11/12/19 23:07 Filed in: Data Science | MOOC

A thorough review of this course, including all points it covered and some free materials provided by Laurence Moroney
2*tBAvtXqU-dxuGLSBfoNcDg

Patrick L.

Dec 11 · 4 min read

1*Y5GbCz4VHDNEXkFGlxGunQ

Summary:
The knowledge point of this course(Natural Language Processing in Tensorflow) is organized in strict chronological order as to how the instructor designed this course. Also, include some colab notebooks provided by Laurence Moroney.
What you see below is what you can get from this course.
Week1 Sentiment in Text:
In the first week, Moroney talked about:

Tokenize words, Word-based encoding
Text to sequence & Padding
How to use APIs to do things listed above (Tensorflow and Keras).
Two projects Sarcasm in News Headlines Dataset by Rishabh Misra, and BBC text archive. In these projects, you would have a chance to practice what you have learned in the first week.

Word-based encoding

Week2 Word Embeddings
Today in the world of applied NLP, word embeddings have proved to be one of the most powerful and useful ideas to help teams get excellent performance.
Moroney mentioned that there’s a library called TensorFlow Data Services or TFDS for short, and that contains many data sets and lots of different categories.

The dataset used in week2 is IMBD reviews dataset.
You would learn how to train a classification neural network from scratch with Tensorflow, Numpy, and Pandas.
Laurence also talked about technical skills for model fine-tuning.
You would learn how to plot the result and understand the performance of your NN
The most interesting I learned this week is how to pull out the embedding layer and use projector.tensorflow.org to visualize your word embeddings.

Week3 Sequence Models
Sentiment can also be determined by the sequence in which words appear. For example, you could have ‘not fun,’ which of course, is the opposite of ‘fun,’ that’s why sequence models are very important in NLP.
In this week, you would get:

How to implement an LSTM model (Long-Short-Term-Memory) RNN.
How to do it single directional and bidirectional.
Measure the performance.
How to implement a Convolution NN in the NLP project.
Provided notebooks below to help students understand sequence models better.

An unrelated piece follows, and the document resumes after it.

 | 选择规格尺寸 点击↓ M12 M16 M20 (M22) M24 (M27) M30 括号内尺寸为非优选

IMDB Subwords 8K with Single Layer LSTM
IMDB Subwords 8K with Multi-Layer LSTM
IMDB Subwords 8K with 1D Convolutional Layer
Sarcasm with Bidirectional LSTM
Sarcasm with 1D Convolutional Layer
MDB Reviews with GRU (and optional LSTM and Conv1D)

The exercise this week is for helping the student to explore overfitting in NLP and find the reason of overfitting.

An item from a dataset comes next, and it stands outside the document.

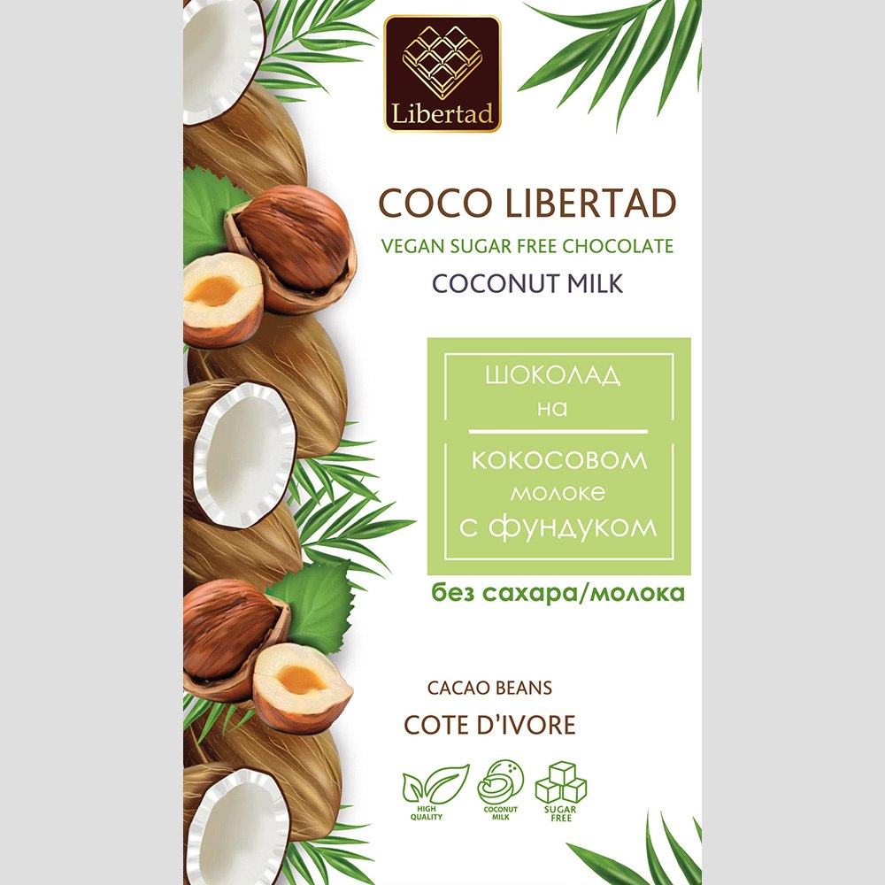Шоколад Coco Libertad без сахара на кокосовом молоке с фундуком 40 г

Week4 Sequence models and literature
Week4 Laurence talked about the prediction in NLP, which is text generation. Given a body of words, you could conceivably predict the word most likely to follow a given the word or phrase, and you would learn to build a poetry generator.
Find the link to generating text using a character-based RNN here.

1*HjQe2Enu8bL3Xbes-FD4Yw

My subjective opinion on this course
As the third course in Tensorflow in Practice Specialization, Laurence goes through all necessary NLP skills and tricks with Tensorflow and Keras.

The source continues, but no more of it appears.